• Language model-based automatic prefix abbreviation expansion method for biomedical big data analysis

      Anjum, Ashiq; University of Derby (Elsevier, 2019-03-28)
      In biomedical domain, abbreviations are appearing more and more frequently in various data sets, which has caused significant obstacles to biomedical big data analysis. The dictionary-based approach has been adopted to process abbreviations, but it cannot handle ad hoc abbreviations, and it is impossible to cover all abbreviations. To overcome these drawbacks, this paper proposes an automatic abbreviation expansion method called LMAAE (Language Model-based Automatic Abbreviation Expansion). In this method, the abbreviation is firstly divided into blocks; then, expansion candidates are generated by restoring each block; and finally, the expansion candidates are filtered and clustered to acquire the final expansion result according to the language model and clustering method.

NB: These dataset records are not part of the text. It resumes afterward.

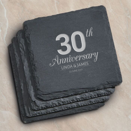 Personalized Anniversary Set of 4 Square Slate Coasters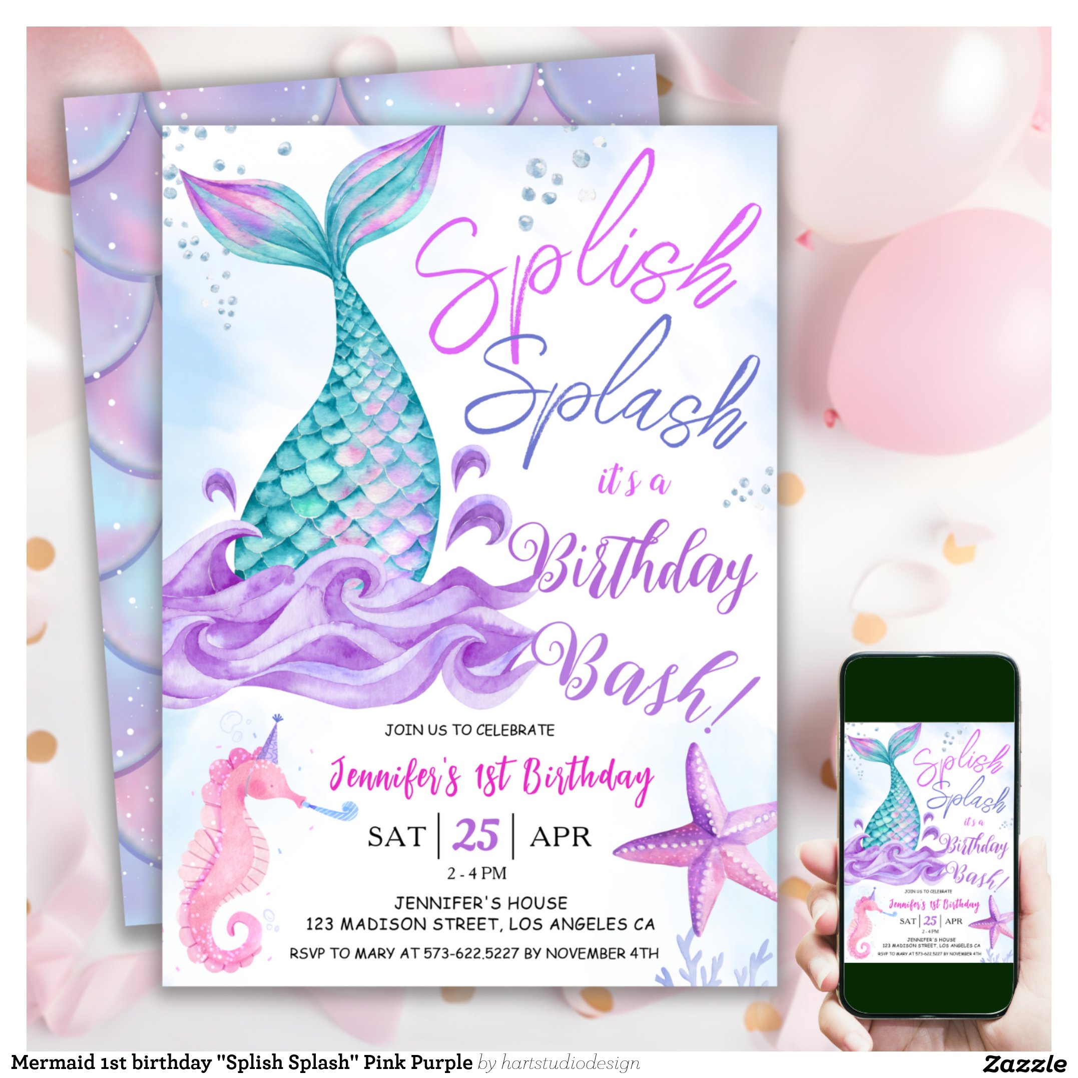 Be the first to review “Mermaid 1st birthday “Splish Splash” Pink Purple Invitation”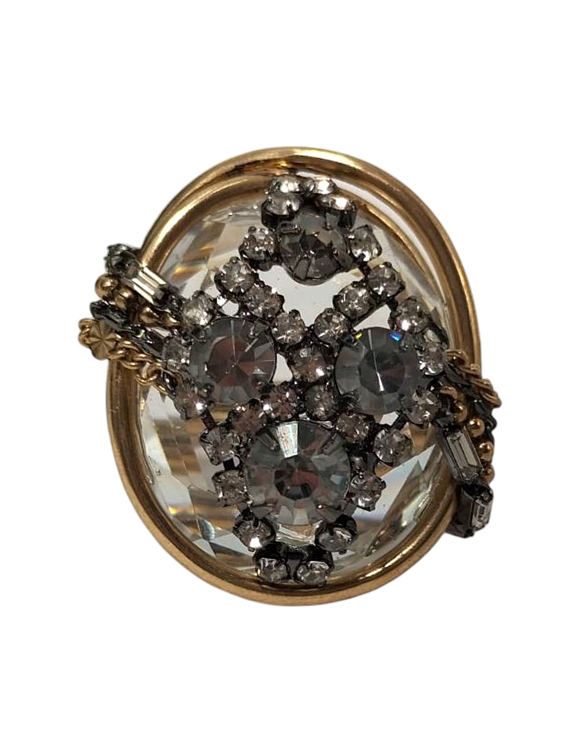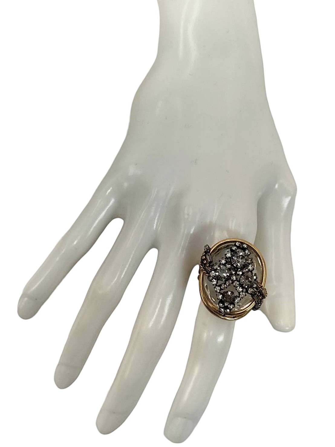 アイテム:ビッグクリスタルビジューリング サイズ:55(15号・17.5 mm・US7 1/4・UKL - O - P) 全長:約2.8㎝ 素材:メタル・ガラス カラー:アンティークゴールド・グレージュ・ガンメタ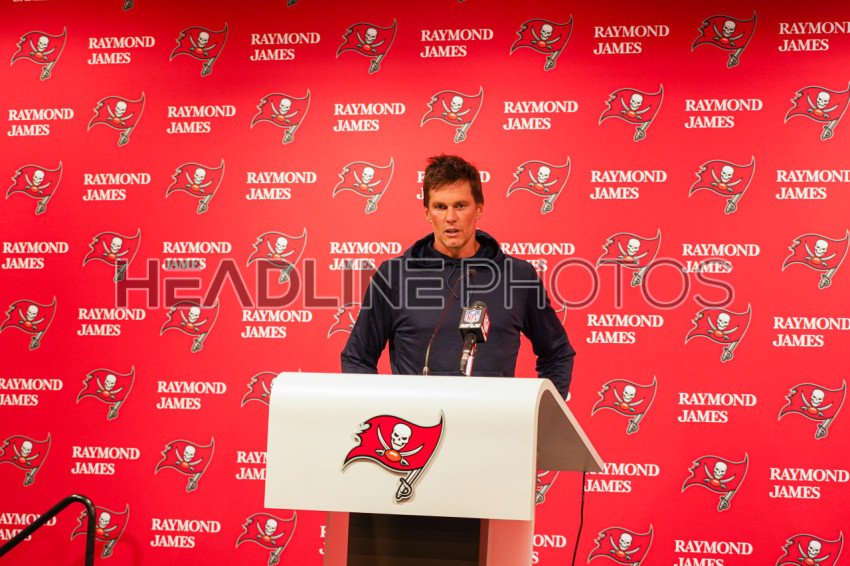 Tampa Bay, Florida, USA, October 9, 2022, Tampa Bay Buccaneers Quarterback Tom Brady #12 speaking at a press conference after the game at Raymond James Stadium. (Photo Credit: Marty Jean-Louis)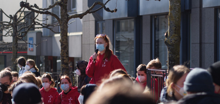 Am Donnerstag, den 10. März, haben wir Lübecker Schulen uns um 12.00 am Klingenberg getroffen um für den Frieden in der Ukraine zu demonstrieren. Dabei waren ganze 2500 Schüler:innen, mit denen wir durch unsere Innenstadt bis zum Holstentor gelaufen sind. Wir haben gemeinsam Sprüche wie „Hoch die internationale Solidarität“ und „Frieden schaffen ohne Waffen“ gerufen. Wir haben Kundgebungen gehört und zusammen auf ein schnelles Ende des Krieges gehofft.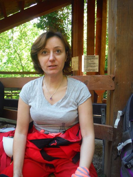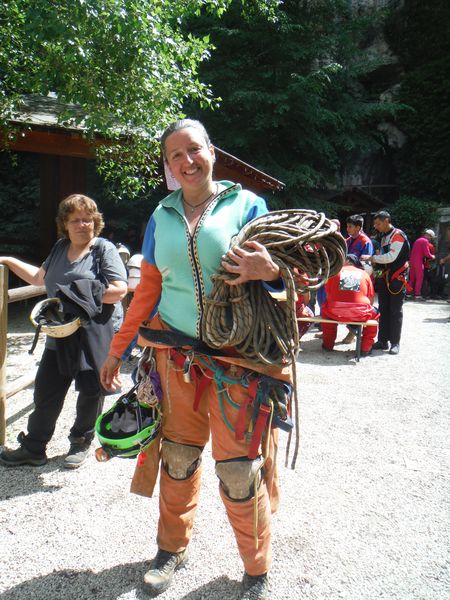 Iniziamo a prepararci per andare all’ingresso della grotta. Antonella e’ pronta a partire.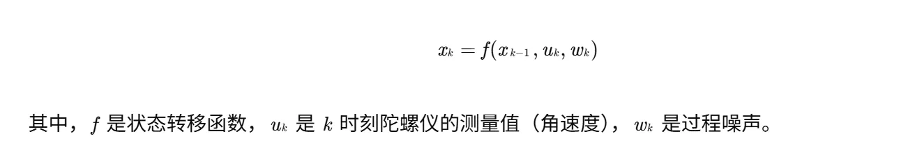 状态方程描述了系统状态随时间的变化,考虑了陀螺仪的测量值和过程噪声。由于陀螺仪测量的是角速度,需要将其积分才能得到姿态变化。常用的积分方法包括一阶积分和四元数积分。四元数积分可以更好地处理较大的角速度变化,避免出现奇点问题。因此,状态方程可以表示为: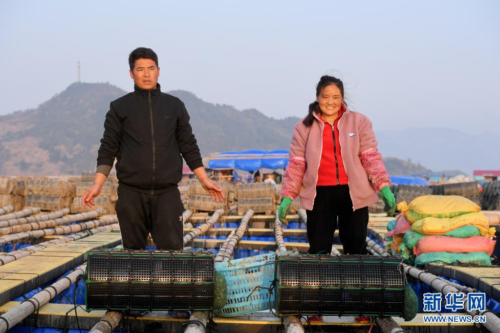 “春運(yùn)母親”巴木玉布木與丈夫巫其石且從四川涼山彝族自治州老家輾轉(zhuǎn)來到福建省霞浦縣溪南鎮(zhèn)海域,從事海上漁排海參養(yǎng)殖。這是2月4日在漁排上拍攝的巴木玉布木(右)與丈夫巫其石且。新華社記者 姜克紅 攝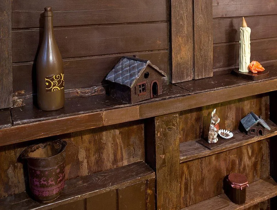 Что интересно, коттедж сделан из 1,5 тонны шоколада. Так, съедобными является всё: стены, крыша, камин, люстра, комод, часы, чашки и книги. Кроме того, рядом с домом находятся также шоколадные пруд и клумба.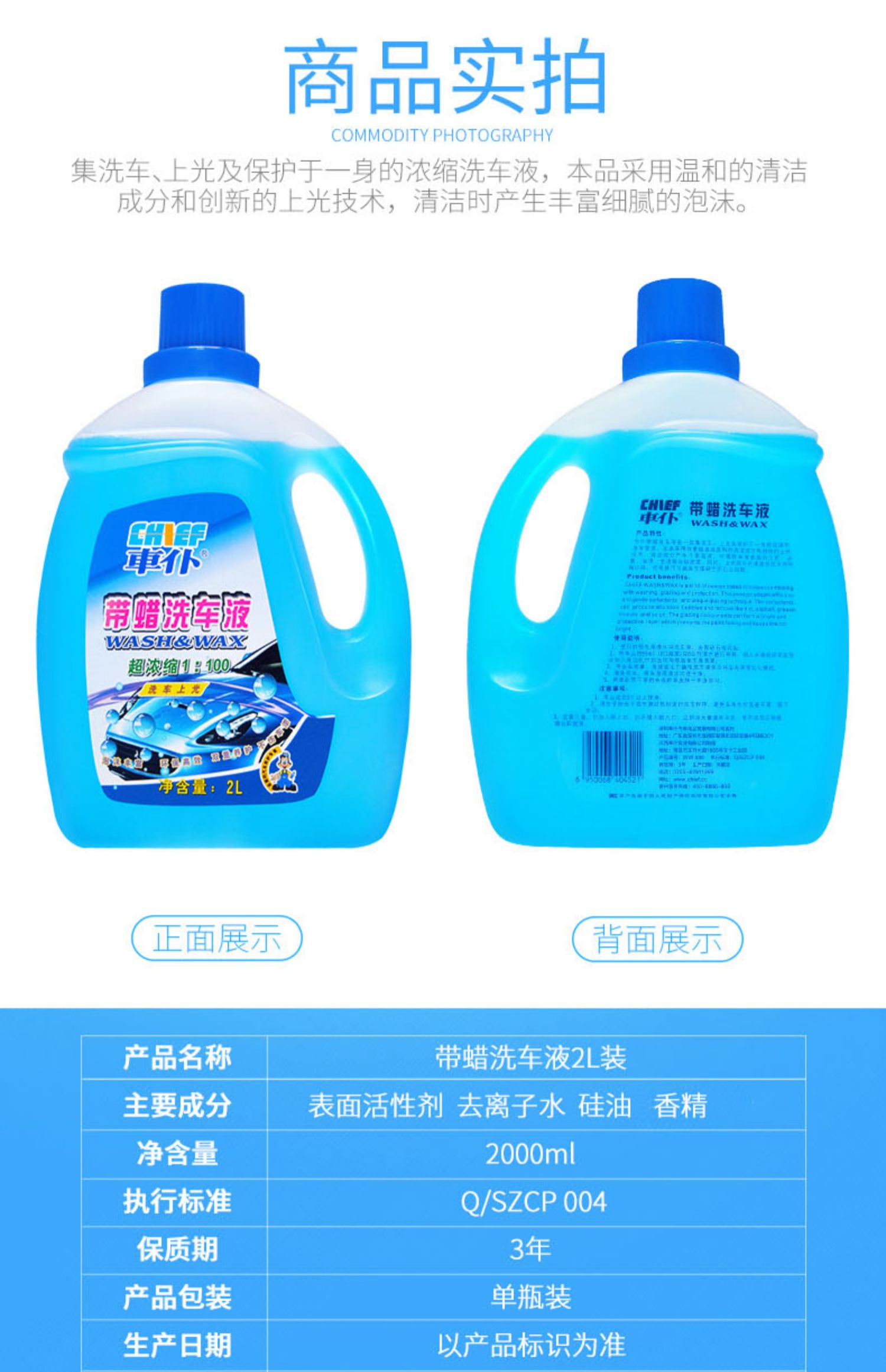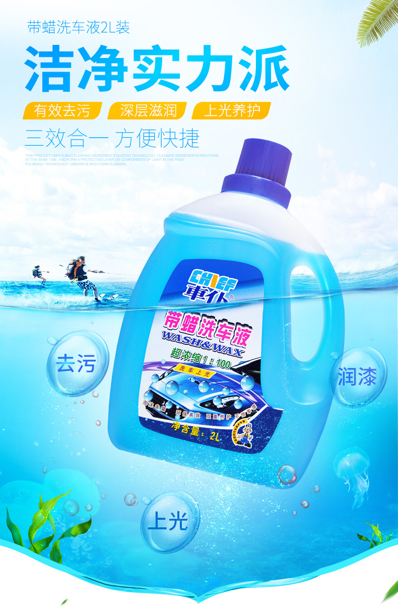 车仆带蜡洗车液2L套装 强效去污 车面打蜡 滋润车漆

Through restrict the abbreviation to prefix abbreviation, the search space of expansion is reduced sharply. And then, the search space is continuous reduced by restrained the effective and the length of the partition. In order to validate the effective of the method, two types of experiments are designed. For standard abbreviations, the expansion results include most of the expansion in dictionary. Therefore, it has a high precision. For ad hoc abbreviations, the precisions of schema matching, knowledge fusion are increased by using this method to handle the abbreviations. Although the recall for standard abbreviation needs to be improved, but this does not affect the good complement effect for the dictionary method.